Supplied material:
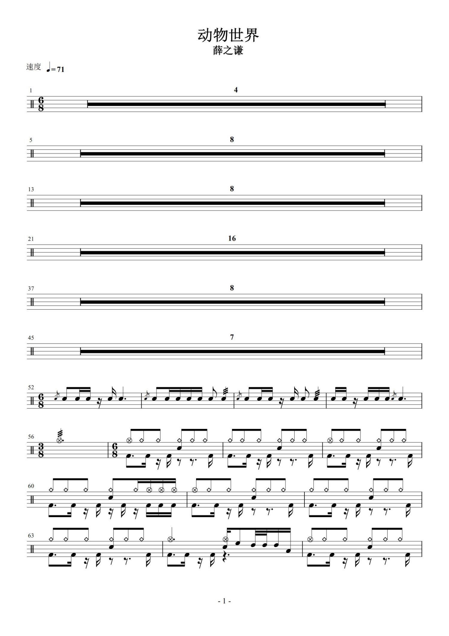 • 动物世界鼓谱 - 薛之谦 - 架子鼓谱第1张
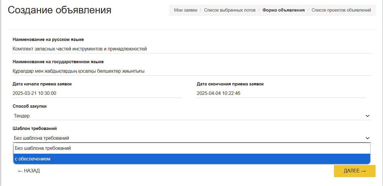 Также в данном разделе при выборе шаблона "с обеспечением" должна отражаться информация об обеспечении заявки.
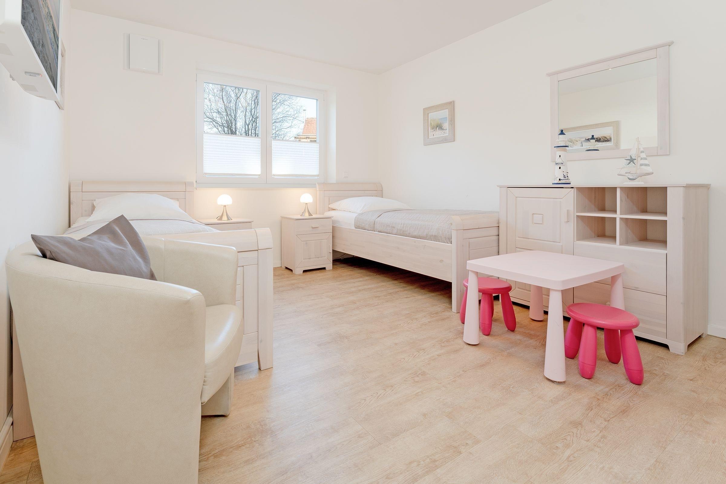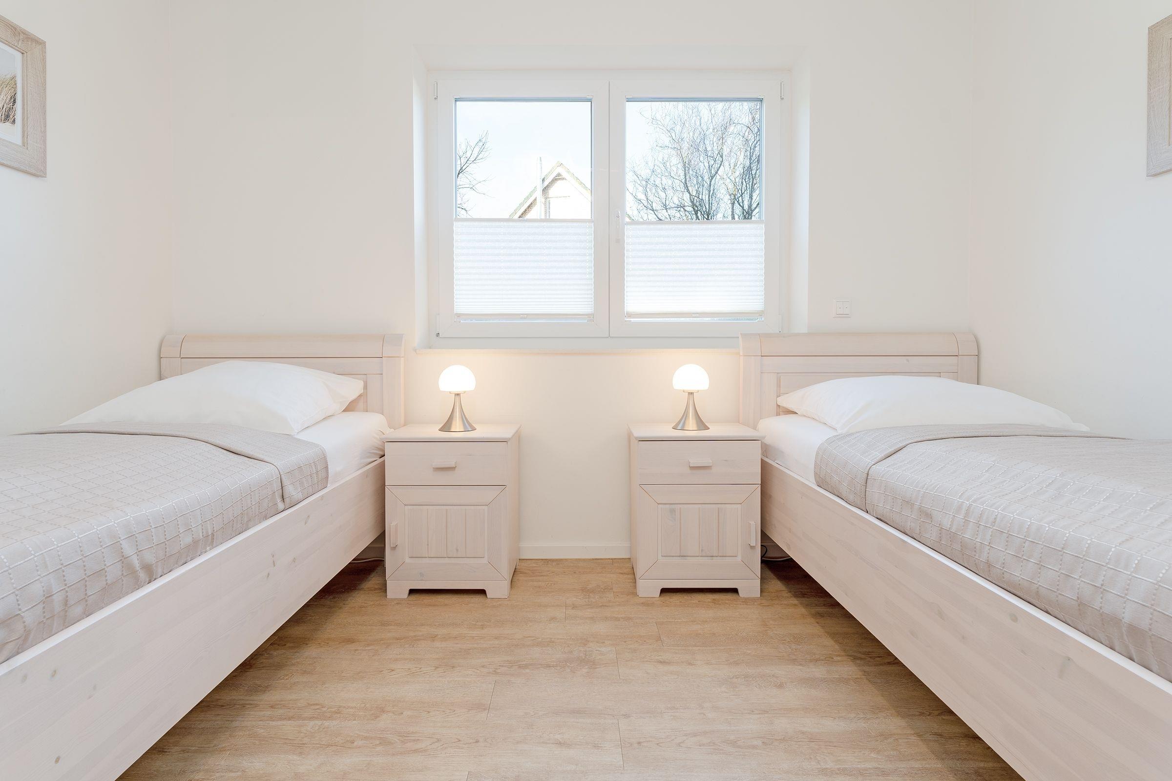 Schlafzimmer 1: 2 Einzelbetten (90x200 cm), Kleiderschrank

Task prompt: Please copy the data shown above, line by line and exactly, omitting the images.

Reply to the task:
 • 动物世界鼓谱 - 薛之谦 - 架子鼓谱第1张
 Также в данном разделе при выборе шаблона "с обеспечением" должна отражаться информация об обеспечении заявки.
 Schlafzimmer 1: 2 Einzelbetten (90x200 cm), Kleiderschrank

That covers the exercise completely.